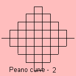 In 1880 the Italian logician Giuseppe Peano (1858-1932) constructed the Peano curve, a base motif fractal which uses a line segment as base. The motif is dividing the line segment in three parts, and making a square up and down the middle part: This leads to a filled square, so the curve is a space-filling
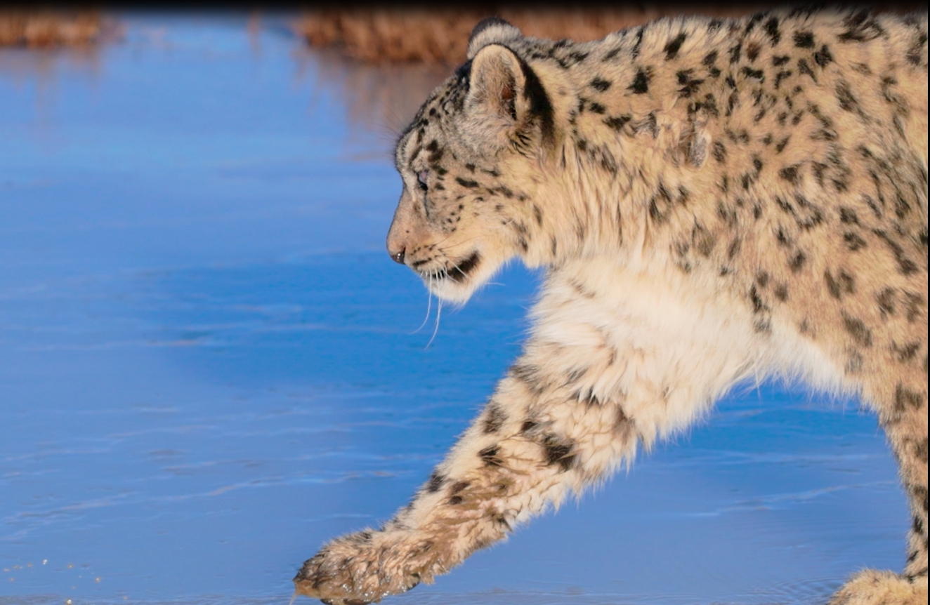 In the footage, the snow leopard is seen crawling through the grass and strolling around. Upon reaching the frozen lake, it cautiously approaches it, displaying an endearing demeanor. After crossing the lake, the leopard runs toward the grassland and eventually disappears from view.
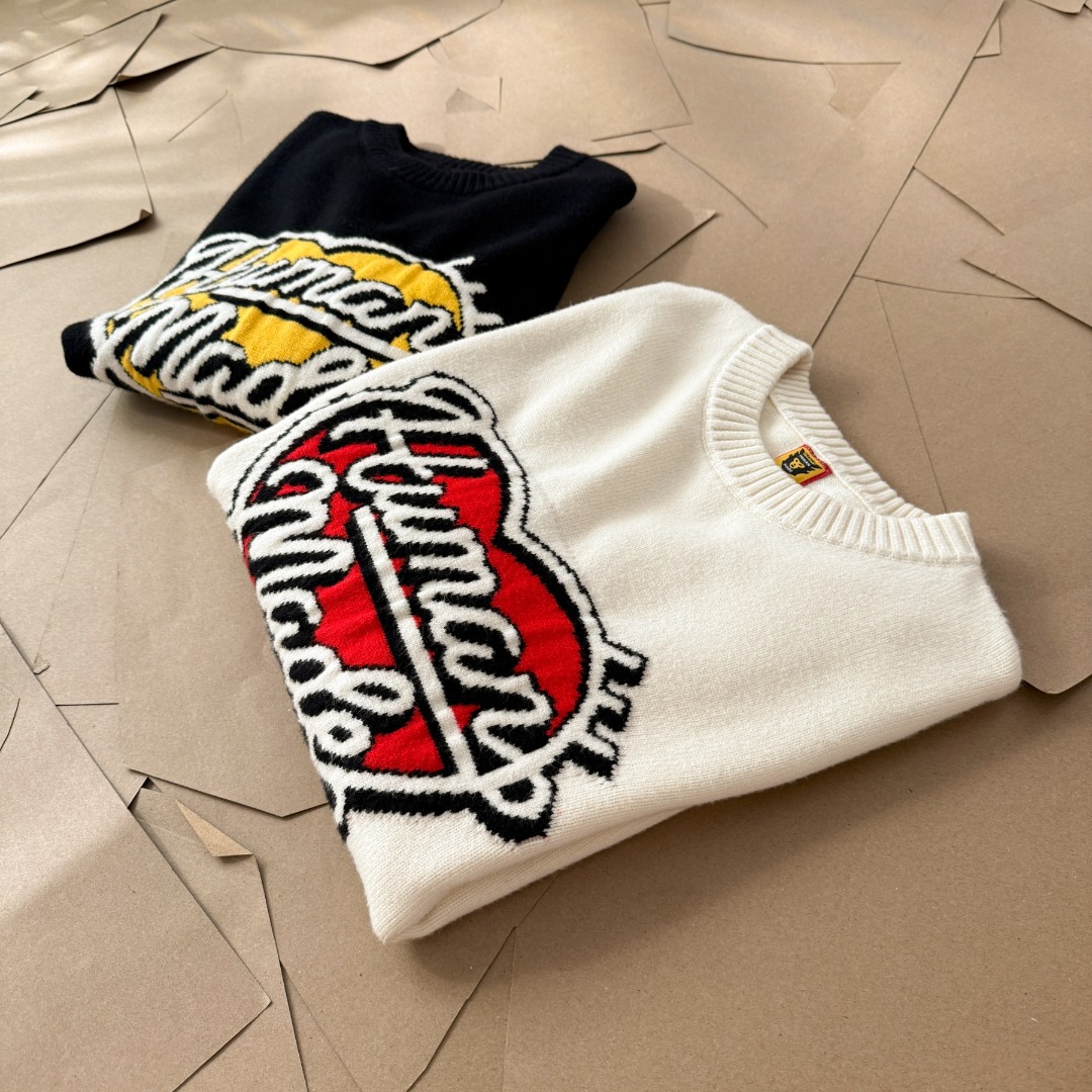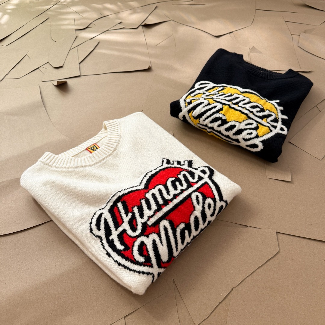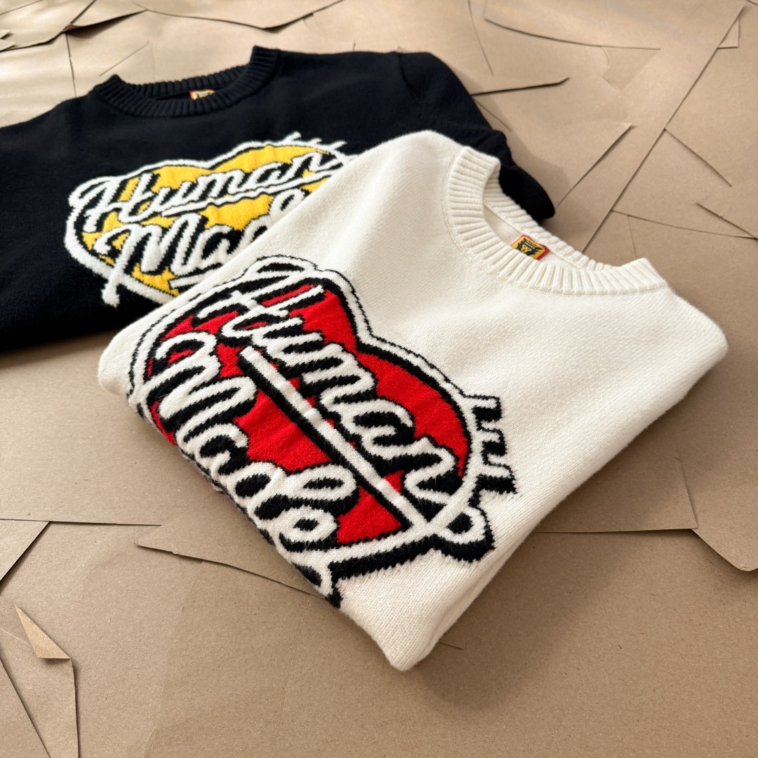 由A BATHING APE首位主理人NIGO打造的另一日本潮流服饰品牌 HUMAN MADE 以Vintage风格的复古感设计而闻名 HUMAN的毛衣款式已经完全拿捏了 攻克最难引塔夏织法 半手工提花的字母及图案以保证不漏线 平整度细节也完美原了 大身与袖子缝合处采用正反双针无缝缝合 纯手工缝制 定织定染的毛线 10 羊毛 30 腈纶 60 棉 三种纱线混纺而成 袖口24股罗纹针收口设计 紧致到位 短款毛衣 搭配图可以看模特图

**WHAT IS BEING ASKED**
Write out again, exactly, only the lines from the beginning of the material above to the line that holds "In the footage, the", both ends included, and no pictures.

**ANSWER BELOW**
 In 1880 the Italian logician Giuseppe Peano (1858-1932) constructed the Peano curve, a base motif fractal which uses a line segment as base. The motif is dividing the line segment in three parts, and making a square up and down the middle part: This leads to a filled square, so the curve is a space-filling
 In the footage, the snow leopard is seen crawling through the grass and strolling around. Upon reaching the frozen lake, it cautiously approaches it, displaying an endearing demeanor. After crossing the lake, the leopard runs toward the grassland and eventually disappears from view.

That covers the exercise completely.